━━ EXERCISE INPUTS

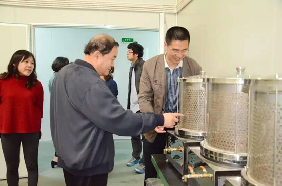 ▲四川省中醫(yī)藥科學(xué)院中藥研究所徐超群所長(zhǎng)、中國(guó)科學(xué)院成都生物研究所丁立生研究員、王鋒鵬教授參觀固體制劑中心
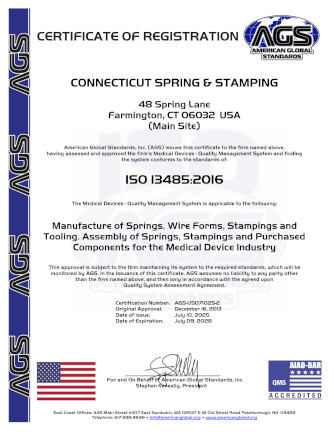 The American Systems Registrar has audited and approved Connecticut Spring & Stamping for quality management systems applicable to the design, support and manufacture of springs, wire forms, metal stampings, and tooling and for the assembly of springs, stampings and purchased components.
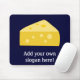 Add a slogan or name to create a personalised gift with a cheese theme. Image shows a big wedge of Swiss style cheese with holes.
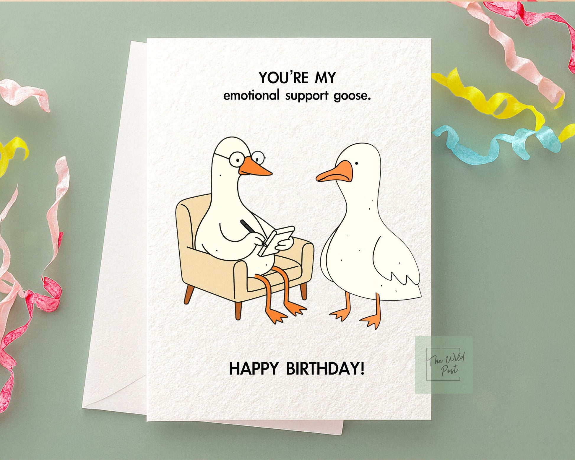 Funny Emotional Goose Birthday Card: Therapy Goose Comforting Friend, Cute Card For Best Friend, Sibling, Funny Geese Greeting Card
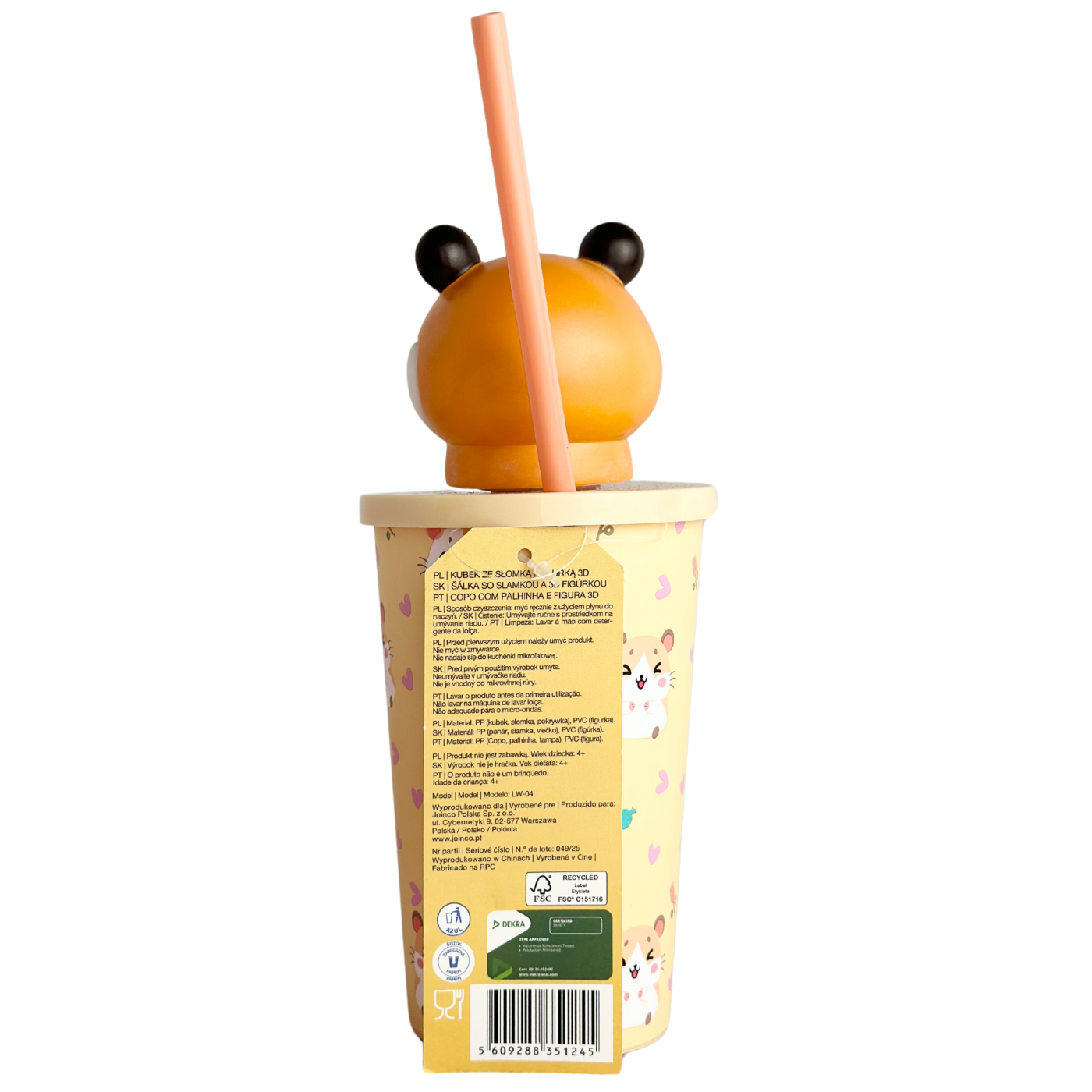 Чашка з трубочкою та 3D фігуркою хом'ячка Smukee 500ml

━━━━

=== WORK REQUIRED ===
Could you transcribe exactly the lines from the line containing "Add a slogan" through the final line of the records, both included, and nothing beyond them? The pictures should be left out.

=== RESPONSE ===
 Add a slogan or name to create a personalised gift with a cheese theme. Image shows a big wedge of Swiss style cheese with holes.
 Funny Emotional Goose Birthday Card: Therapy Goose Comforting Friend, Cute Card For Best Friend, Sibling, Funny Geese Greeting Card
 Чашка з трубочкою та 3D фігуркою хом'ячка Smukee 500ml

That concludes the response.